Over the years, various wrestlers have commented on Fenton.

“I kind of liked Old Rod Fenton’s cut at it. When Rod booked shows, he didn’t really look at what was a good one and what was a bad one. He judged his worth by his percentage. I guess that’s all life is — playing the percentages,” said Don Leo Jonathan in a 1998 Whatever Happened To… interview.

In 1997, Lou Thesz addressed the difficulties of the territory in an interview with Mike Rodgers’ Ring Around The Northwest newsletter.

“With Seattle being in the corner of the country they didn’t have access to a lot of the heavyweight talent a lot of the time. That was a long ways out there and that was prior to the sophisticated flying equipment we have today. It would take a week to get there,” explained Thesz. “They had some good competent wrestlers, they did have a few heavyweights there at the time, I was one of them and then later Rod Fenton took over and did a much better job of promoting than [Seattle’s] Bob Murray. Murray was a restaurant man and not much of a wrestling man, he was a boozer too. It ran very well, Rod Fenton did a great job, promoting not only there but Vancouver, BC and he was one of the most important promoters in the country at the time. He was drawing 10, 15, 20 thousand people. Bob Murray was a 2,000 or 3,000 person promoter. A different thing altogether. But Rod was a former wrestler and he knew what he was doing.”

Not everyone was a fan, however.

Fenton, the promoter, in 1958.

Ricky Hunter called Fenton “a little fat fellow” who “had some crazy ideas,” in 2004. “I did what Rod wanted, but I didn’t always agree with him. He was a bit of an oddball.”

Pat Barrett talked about Fenton in his book, Everyone Down Here Hates Me. “Fenton loved to gamble at anything, cards, horses. You could always tell when he had a losing streak at the horses by your paycheck.”

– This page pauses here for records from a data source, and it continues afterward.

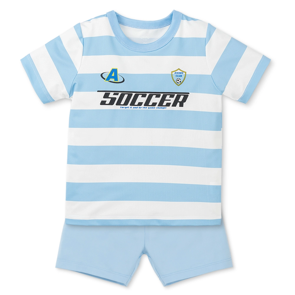 - Thiết kế đậm chất thể thao: Áo nổi bật với họa tiết kẻ sọc ngang trắng - xanh xen kẽ, kết hợp cùng dòng chữ "SOCCER" và logo "Animo Club" in sắc nét trước ngực, tạo nên phong cách "cầu thủ nhí" cực kỳ năng động.
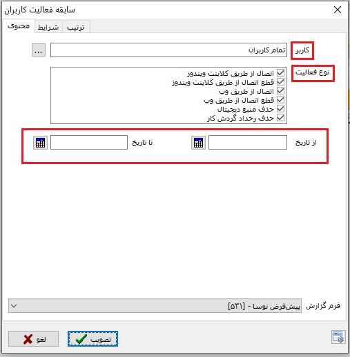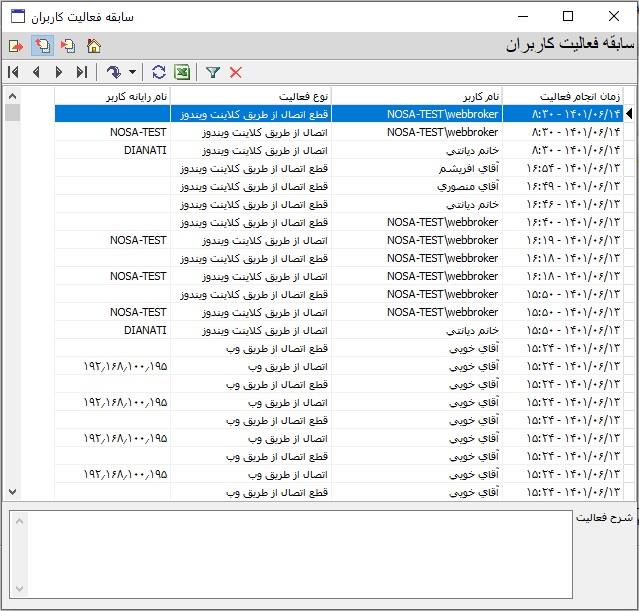 با تصویب پنجره فوق سابقه فعالیت کاربران نمایش داده میشود. در صورت نیاز، امکان حذف سابقه و نیز تهیه فایل Excel از این لیست نیز وجود دارد.
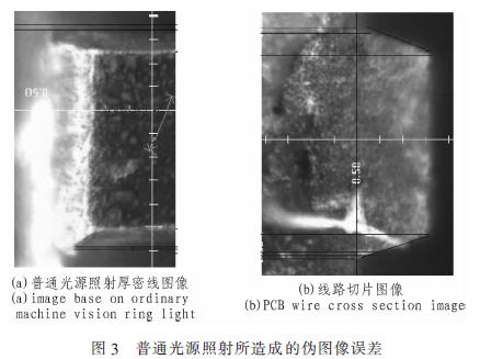 從圖中可以清晰地看到,目前的普通光源攝取的圖像和真實的截面圖有明顯的邊緣偏差,在2X的倍率下,1像素對應的物面尺寸為1.61μm。偽圖像邊緣造成的線寬差別超過3像素。使得系統準確度大為降低。該偽圖像邊緣產生的原因是由于普通光源光線照射角度過小。被厚密線路遮擋大部分光線后,基材和下線寬的亮度和顏色非常接近。而一般的線寬測試中,并沒有將該偏差計入測量結果。致使測量值產生一個固有方向的系統誤差,也就是說,如果該誤差不能被消除,所測得的數據不是真實PCB的線路特征的反映。而該誤差并不能通過改變圖像的清晰程度和對比度消除,只能依據PCB厚密線路的特點去改變光源的設計來消除或減小該誤差。
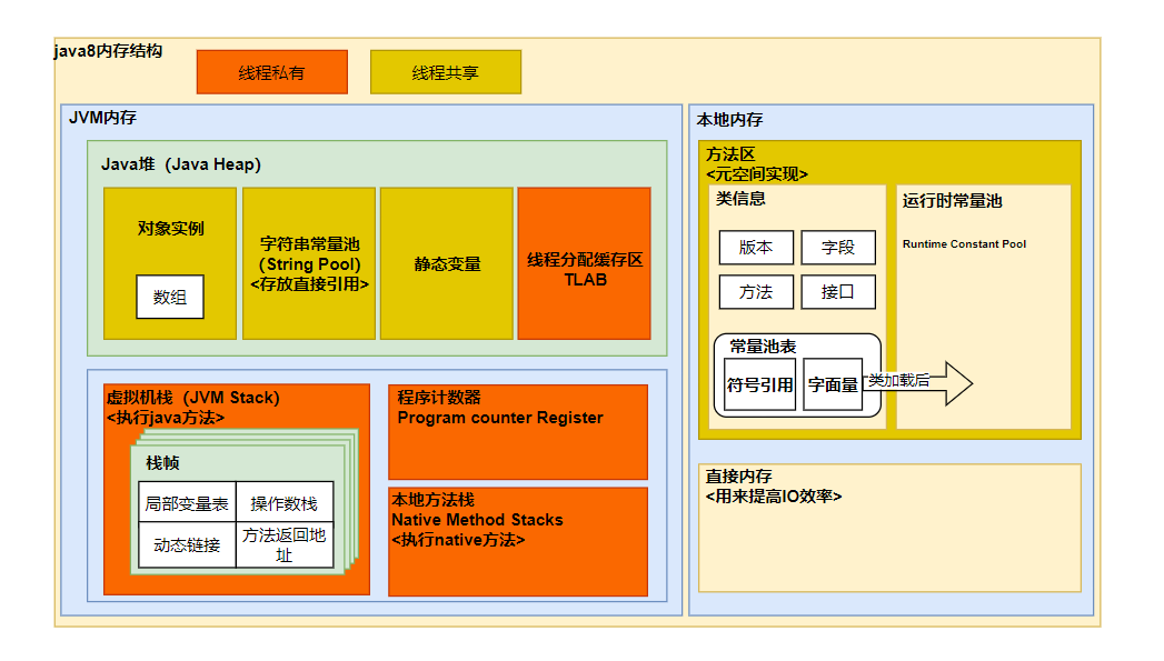此时就需要使用到JVM中另外一块内存区域了【Java堆内存】,「堆内存是JVM中所管理的最大的一块内存区域,并且是所有线程共享的一块内存区域,堆内存区域的目的就是存放对象实例,在1.7的时候将【字符串常量池】【静态变量】都放进了堆中,这在上面那种图中也有体现」。
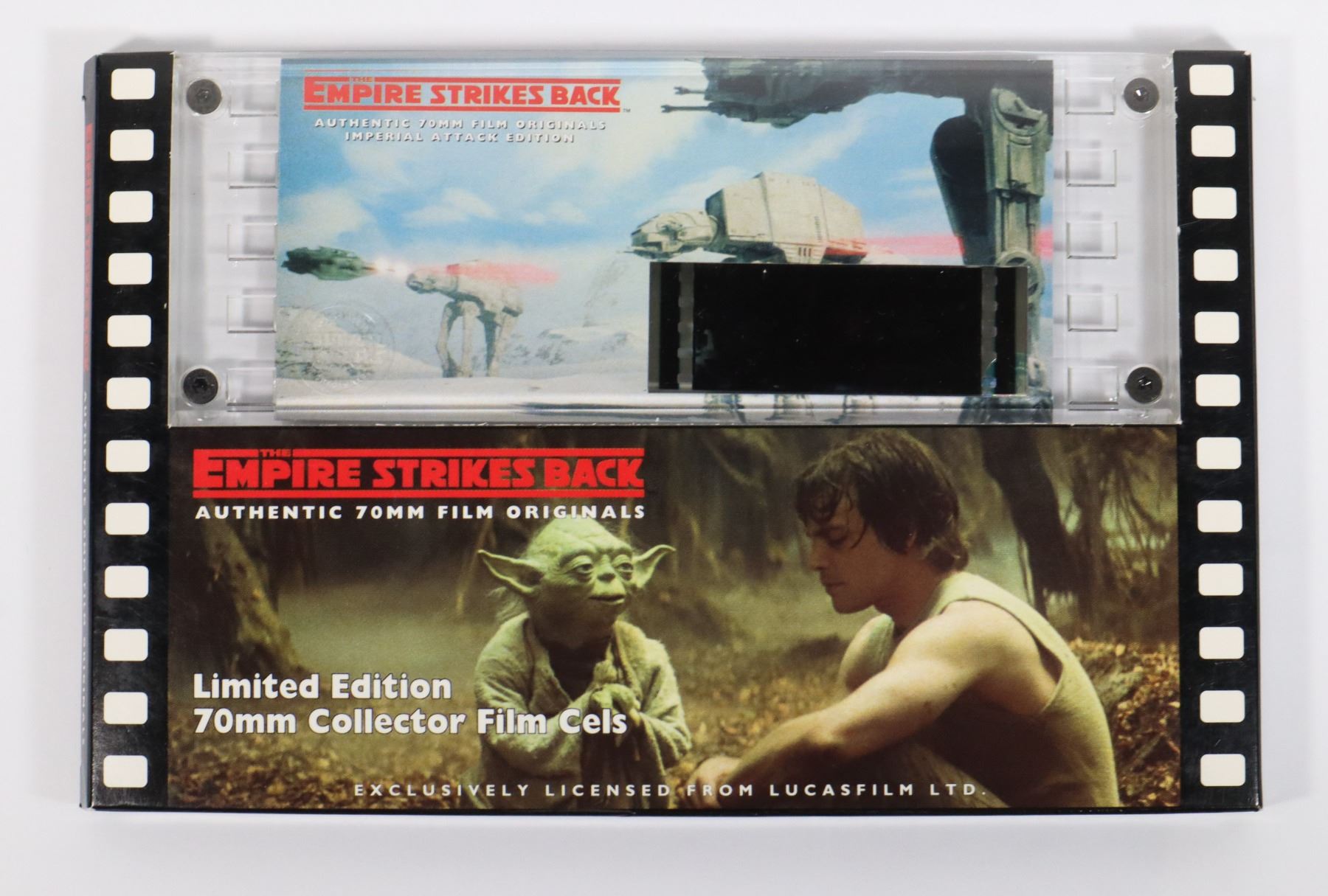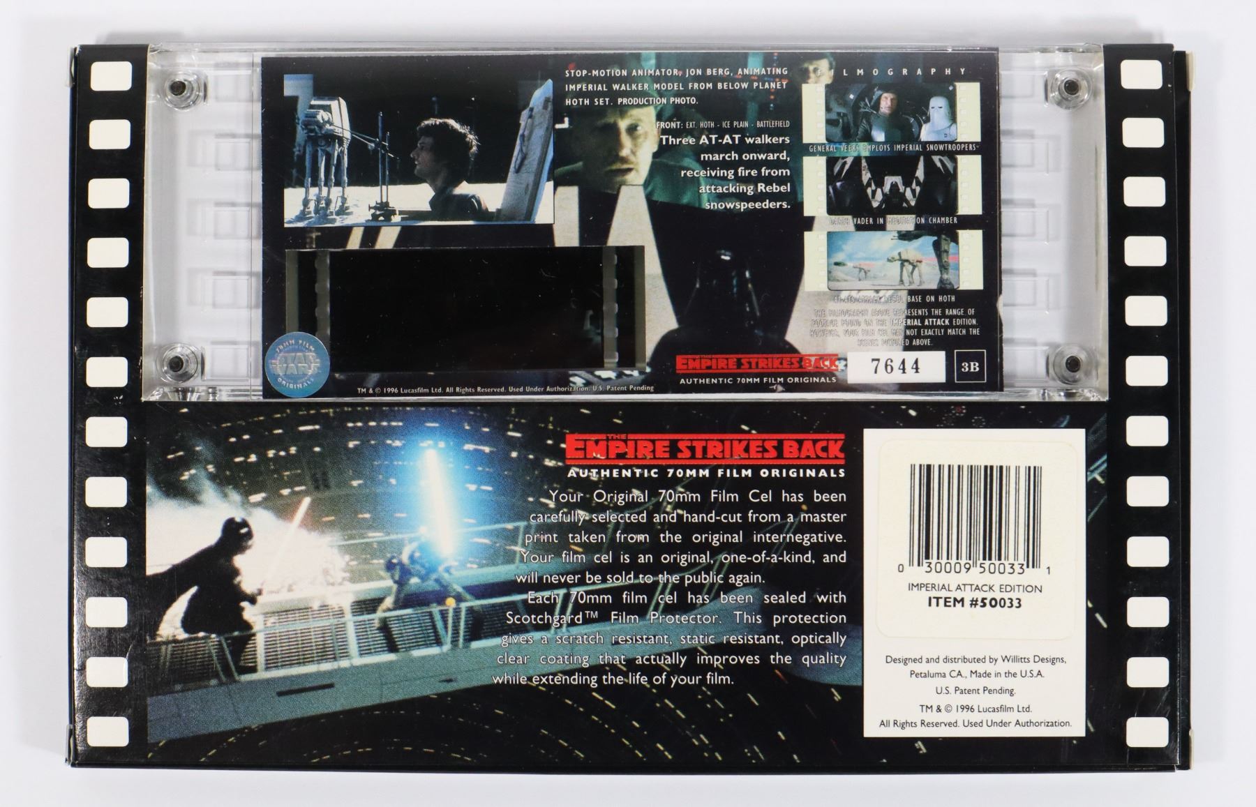 FILM CELS - THE EMPIRE STRIKES BACK. . WILLITTS DESIGNS: HARD TO FIND OFFICIALLY LICENSED 70MM FILM CELL HAND CUT FROM A MASTER PRINT AND EACH IS ONE OF A KIND. THE FILM CEL IS ENCASED IN AN ACRYLIC BOX WITH AN EXPLANATION OF THE MOVIE SCENE
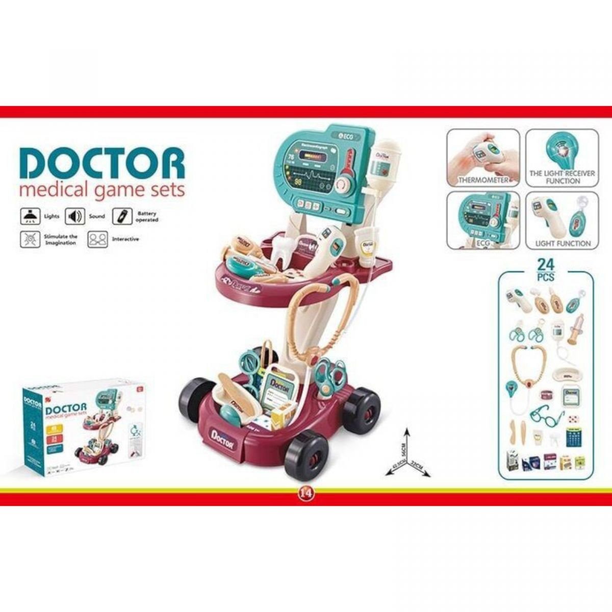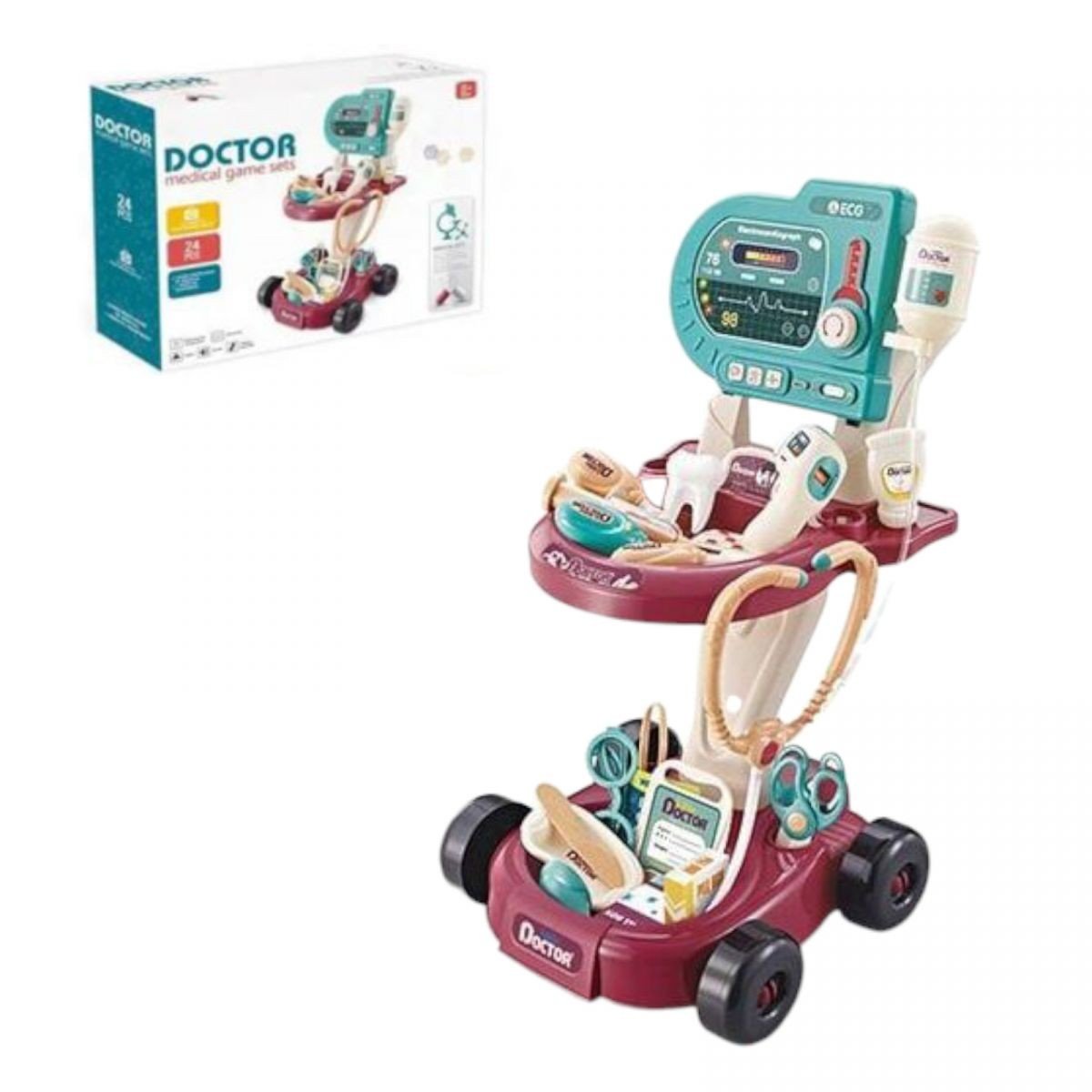 Опис Набір лікаря 24 предмети, "Апарат реанімації", світло, звук, у коробці
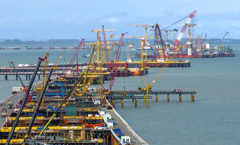 這是廈金大橋(廈門段)海上橋梁大規(guī)模裝配化施工現(xiàn)場(chǎng)(6月13日攝)。
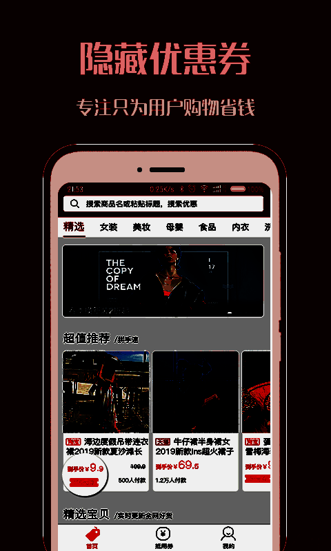 使用搜索功能,既能找商品又能搜优惠券,还能对商品进行货比三家。
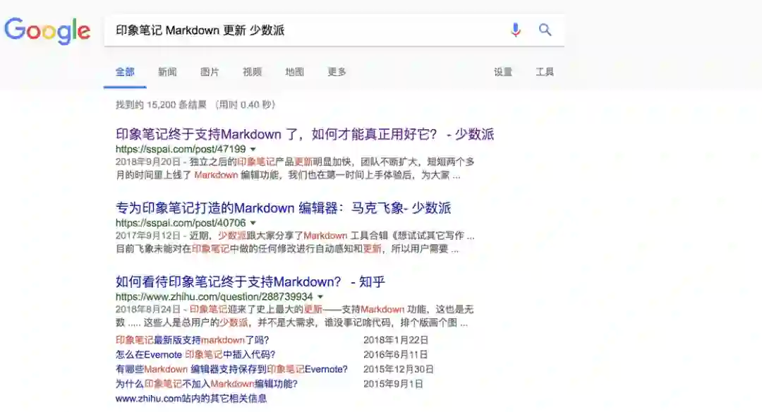 第二个技巧是关键词的选择,相对于找到正确的答案,更难的是问出一个正确的问题,提升搜索能力最核心的技巧就是准确提炼检索关键词。第一个技巧:使用关键词组合。这几乎成为一个检索的常识,我们从小就知道通过多个关键词的组合比「提问式检索」能得到更好的效果。不过随着自然语义理解(NLP)和分词技术日趋成熟,从检索结果来看,很多时候两者差距看起来并不大。举一个例子,比如最近印象笔记支持了 Markdown 编辑,我想要看看少数派有没有相关的文章。但是当我搜索:「少数派发布的关于印象笔记更新 Markdown 的内容」,也能得到类似的答案。那么为什么我们还是要用关键词组合的方式呢?主要原因在于检索效率,这也是搜索引擎的检索机制决定的,事实上你输入句子,Google 百度也还是会拆成词组进行检索,虽然引擎会屏蔽掉一些无意义的关键词,但还是会有很多关键词会干扰你最终的检索结果。与此同时,这种长句搜索无法灵活调整修改,完成复杂的检索任务。第二个技巧:更换同义词。比如我想了解「记忆宫殿」的相关知识,在搜索中发现原来很多书籍和影视作品还将其称为「思维宫殿」,通过对这个关键词的搜索,又多了 2,510,000 个结果。在专业领域这个技巧更加重要,因为很多时候官方文件中的表述和日常生活的表述完全不同,要想检索到有价值的信息,你需要积累最专业的表述。我举个法律行业的例子,来看看「法言法语」有多重要。比如想找找关于银行卡盗刷的裁判规则,一般人肯定就输入「银行卡」、「盗刷」,但是专业的法律从业者除此之外还会使用「伪卡」、「交易」这样的专业术语查询,自然更容易得到有价值的信息。第三个技巧:替换为英文表述。必须承认,在不少领域,互联网上英文撰写的内容,无论从质量还是数量都更胜一筹。因此,当你习惯用英文搜索,真是打开了一扇新世界的大门。如果英语不是很好,可以借助翻译工具,比如 Google 翻译、DeepL、彩云小译等等。随着 AI 技术的发展,翻译的效果也越来越好,有时候甚至让你看不出来这原本是一篇用英文写的内容。
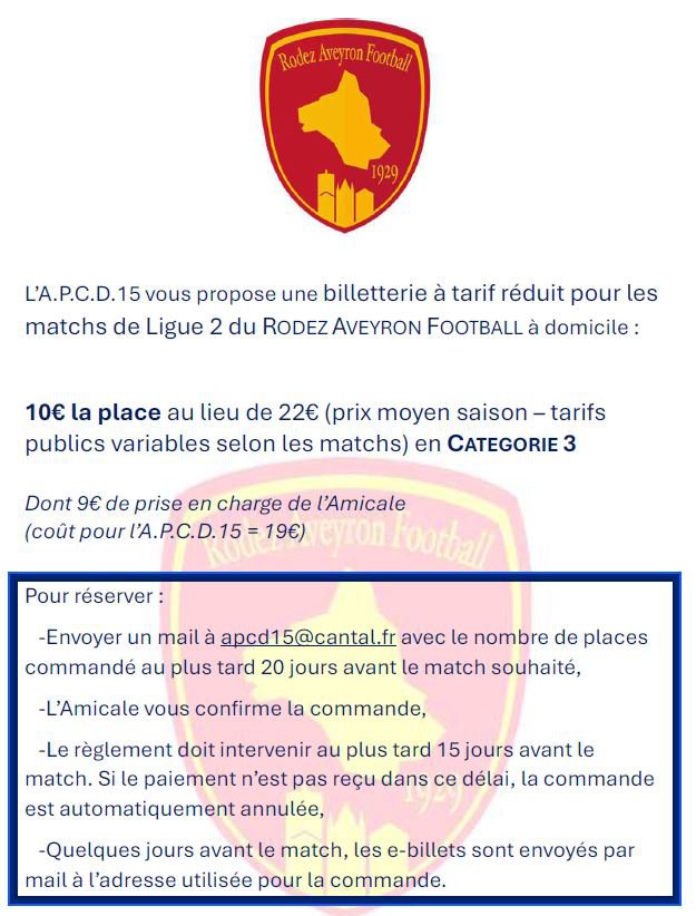 Sans limitation de durée - Billets à acheter à l'A.P.C.D.15
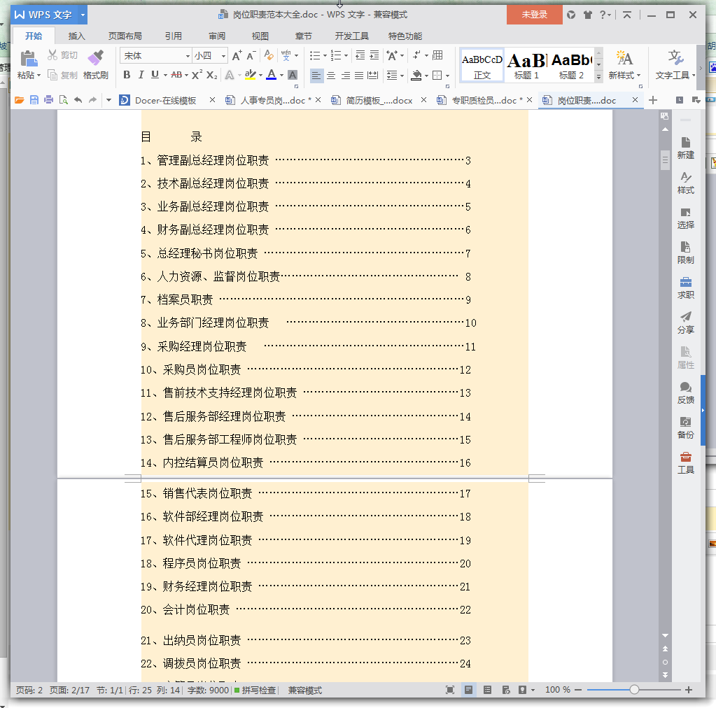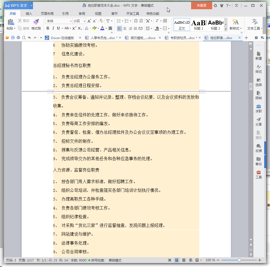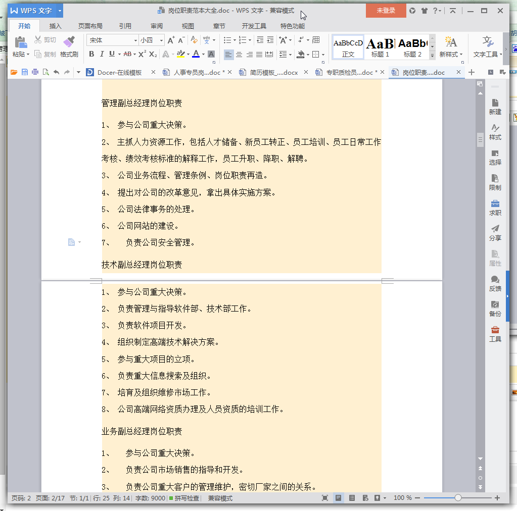 岗位职责范本大全(免费版)内容介绍
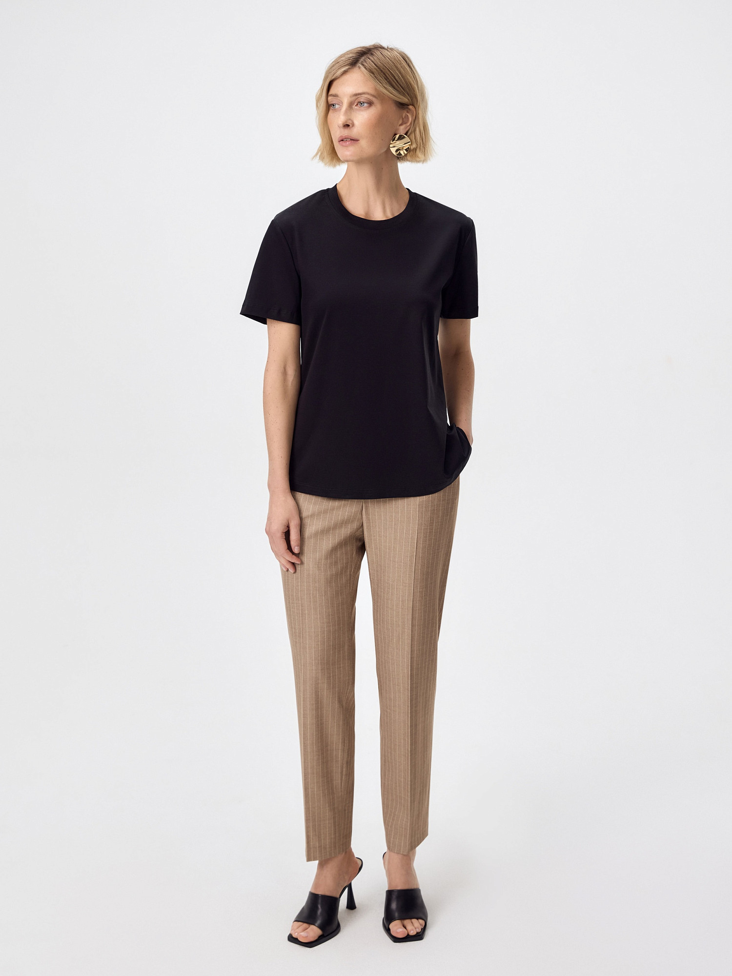 Футболка прямого силуэта в черном цвете будет прекрасно сочетаться как с джинсовыми изделиями, так и с классическими ансамблями. Мерсеризованный хлопок имеет шелковистый блеск и не деформируется после стирок, практически не мнется и не выцветает со временем. Благодаря мерсеризации данная футболка имеет: - повышенную прочность и гигроскопичность - особенный блеск и гладкость - однородность волокон нити и высокое качество ткани.
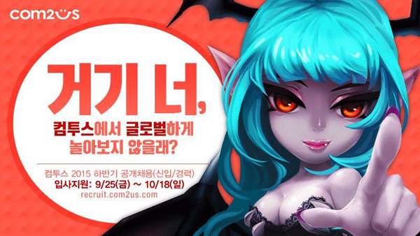 ... 컴투스(대표 송병준)는 25일 자사의 2015년 하반기 신입 및 경력직 공개 채용을 실시한다고 밝혔다. 이번 하반기 공채는게임 제작과 플랫폼 개발 및 게임 사업 부문 등을 모집한다. 지원자는 2016년 2월 졸업 예정자 및 기졸업자라면 누구나가능하며 실력과 열정

Fenton would return to live in Tuscon in 1970, and stayed there until his death at age 63 on Sunday, October 3, 1976, at his home at 11 E. Orange Grove Road. The cause of death was not reported.

“He was something all right, from his casual fedora to his small, yet infectious, smile. Rod Fenton was a gentleman … and a gentle man,” wrote Asa Bushnell in an editorial in the Tuscon paper after Fenton’s passing.